High-order partial differential equations (PDEs) require derivative regularity that standard $C^0$ finite element infrastructures do not directly provide on unstructured meshes. We propose a mesh-intrinsic generalized finite element method (MiGFEM) that reconstructs local polynomial fields on overlapping nodal patches from shared nodal unknowns and blends them by a partition of unity, without introducing extra global degrees of freedom. The core analysis establishes a partition-of-zero (PoZ) smoothness-transfer mechanism driven by interface coherence: derivative jumps cancel exactly for polynomial reproduction and decay as $O(h^{p+1-|α|}) $for smooth nonpolynomial fields.

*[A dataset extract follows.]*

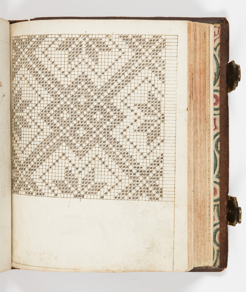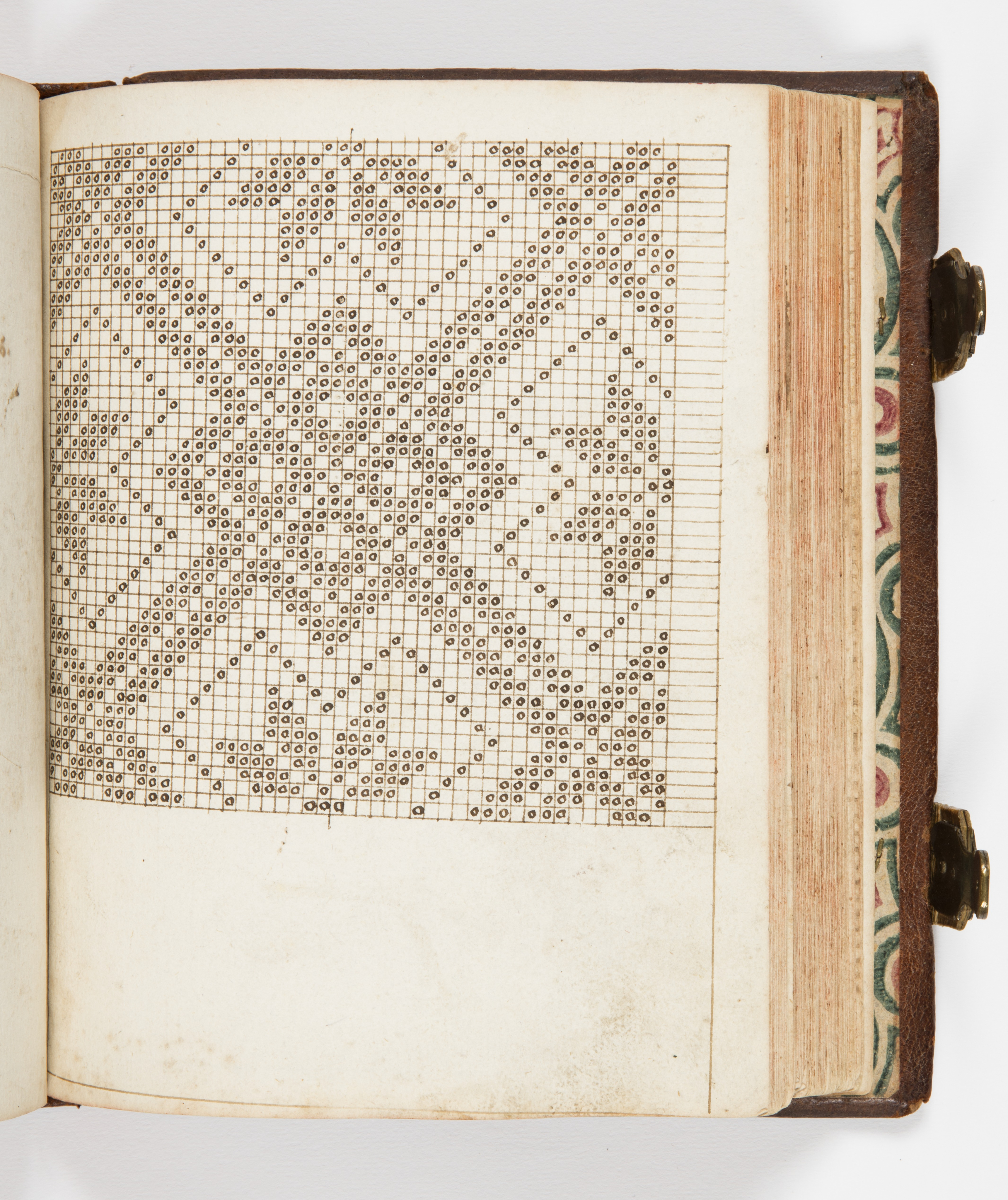 This is a Pattern book. It is dated 1760 and we acquired it in 1961. Its medium is leather, paper, metal. It is a part of the Textiles department.

On this basis, we define a PoZ-consistent intrinsic derivative that is polynomial-exact and approximation-order consistent, enabling pointwise strong-form evaluation of high-order PDEs on $C^0$ meshes. For derivative-type/free boundary conditions in strong-form collocation,we introduce a boundary absorption constrained weighted least-squares strategy (BA-CWLS), which embeds boundary constraints into local patch reconstruction. This avoids globally overdetermined boundary augmentation and penalty tuning, while preserving a square sparse global system. Numerical experiments show machine-precision patch tests,jump-decay rates consistent with theory, and robust performance on highly distorted meshes. The same mesh-intrinsic trial space supports both weak-form Galerkin and strong-form collocation discretizations, providing a unified high-order route on standard $C^0$ mesh infrastructures.